Fashion Police

Copyrighting couture.

If you watch the fashion pages, you already know that last year’s must-have item was designer Roland Mouret’s “Galaxy” dress, the curve-accentuating retro number in which Scarlett Johansson strode down the red carpet at the 2005 Oscars. Thanks to a thriving knock-off industry, today you can stroll into the U.K.’s TopShop or browse eBay for bargain copies so close that even Edith Head would have trouble telling the difference.

The Council of Fashion Designers of America is hoping a new proposal to extend copyright protection to clothing designs will compel the most blatant borrowers to, well, knock it off.

Traditionally, fashion has been exempt from American copyright laws, on the grounds that clothing is primarily a functional rather than creative good. The Design Piracy Prohibition Act, introduced by Rep. Bob Goodlatte (R-Va.) would change that, creating a limited three-year term of protection for original clothing designs. Instead of working under the traditional copyright framework, where terms are far longer, the bill would amend a statute granting similar short-term protection to boat hull designs.

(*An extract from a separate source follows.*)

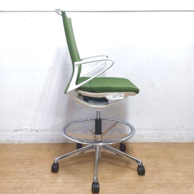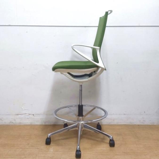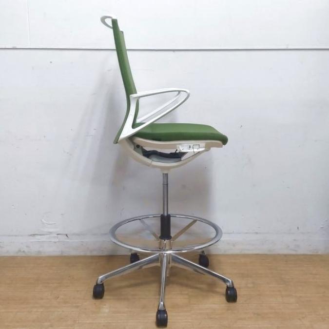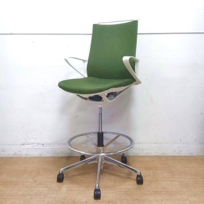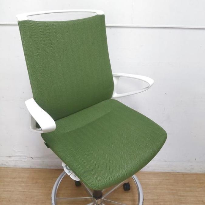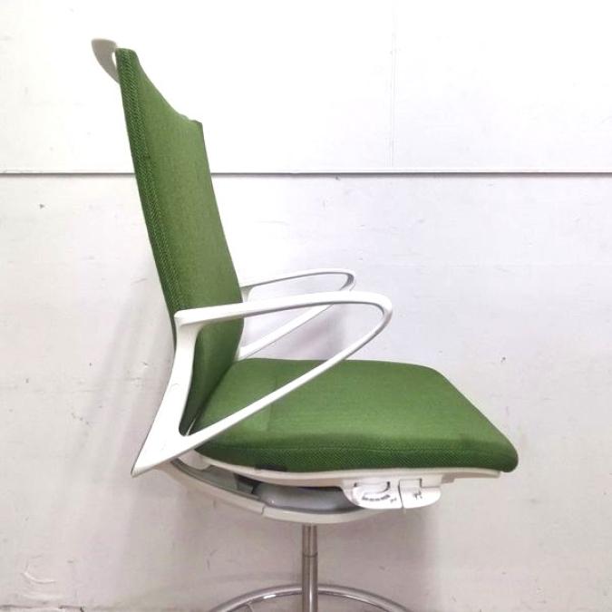 【在庫入替セール】7機能とデザインが融合 オカムラ モード ハイチェア ミドルバック デザインアーム ヘリボーン グリーン- 名古屋千種店

Southern Methodist University law professor Susan Scafidi regards the proposal as a “creative and self restrained effort to correct a cultural imbalance”: the exclusion of fashion from America’s intellectual property rubric—an exclusion, Scafidi argues, that’s partly rooted in the fact that fashion has historically been “gendered female, considered a craft and not an art.” Meanwhile, the fact that the fashion industry has remained so vibrant for so long has led many to wonder whether the law governing books and movies should look more like the law governing fashion, rather than the other way around.

There’s also the possibility that fashion simply follows different rules. In this area, law professors Kal Raustiala of UCLA and Christopher Sprigman of the University of Virginia argue in a recent paper, copying may actually spur innovation, as imitations of each season’s hot design creates “induced obsolescence,” pushing consumers to demand new and different looks with which to distinguish themselves.